§ PROBLEM DESCRIPTION
Could you transcribe exactly the lines below, from the line with "В карточке товара" through the line with "昨日,商水县化河乡姚庄村村民", and nothing else, leaving out the pictures?

§ EXTRACTED MATERIAL
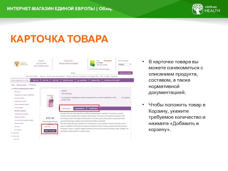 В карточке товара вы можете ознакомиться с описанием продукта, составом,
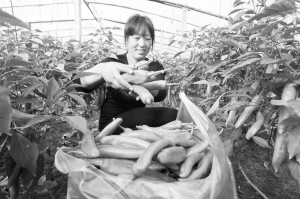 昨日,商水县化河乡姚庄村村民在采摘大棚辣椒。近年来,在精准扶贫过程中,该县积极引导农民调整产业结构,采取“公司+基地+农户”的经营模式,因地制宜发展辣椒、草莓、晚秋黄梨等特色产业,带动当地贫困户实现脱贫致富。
* * *
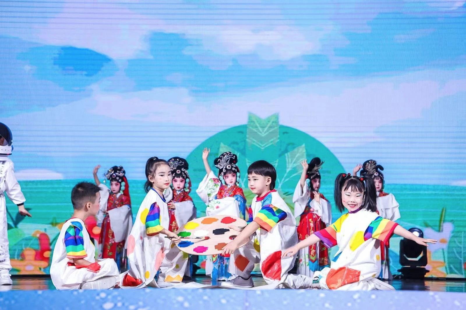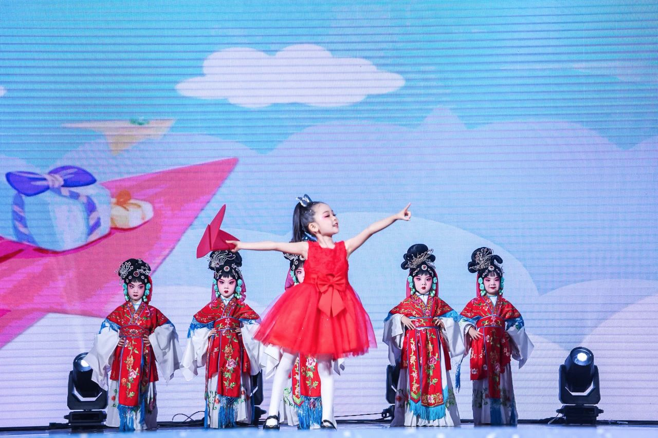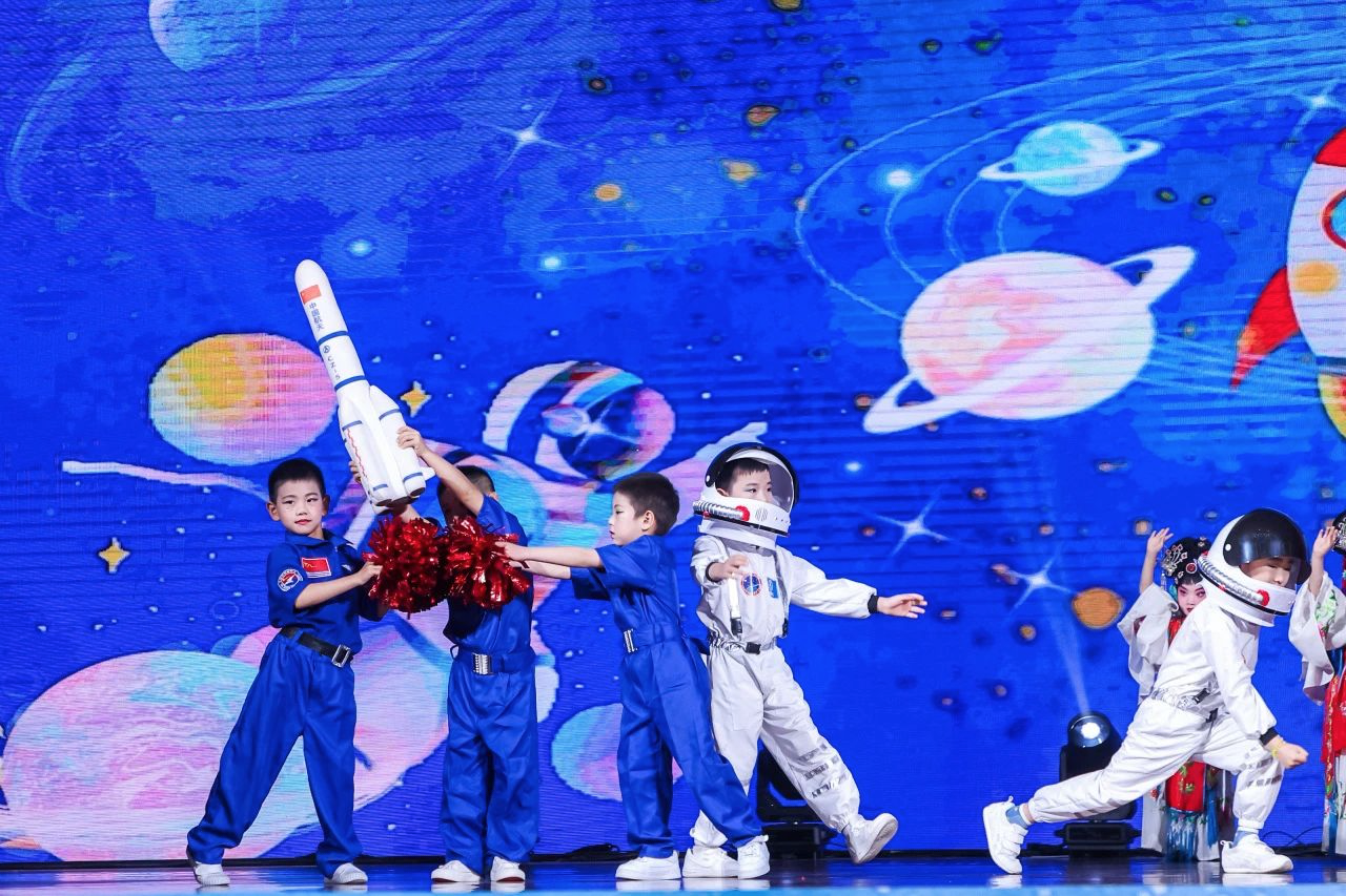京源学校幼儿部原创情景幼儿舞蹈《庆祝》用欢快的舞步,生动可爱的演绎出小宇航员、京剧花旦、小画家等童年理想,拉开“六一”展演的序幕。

§ RESPONSE
 В карточке товара вы можете ознакомиться с описанием продукта, составом,
 昨日,商水县化河乡姚庄村村民在采摘大棚辣椒。近年来,在精准扶贫过程中,该县积极引导农民调整产业结构,采取“公司+基地+农户”的经营模式,因地制宜发展辣椒、草莓、晚秋黄梨等特色产业,带动当地贫困户实现脱贫致富。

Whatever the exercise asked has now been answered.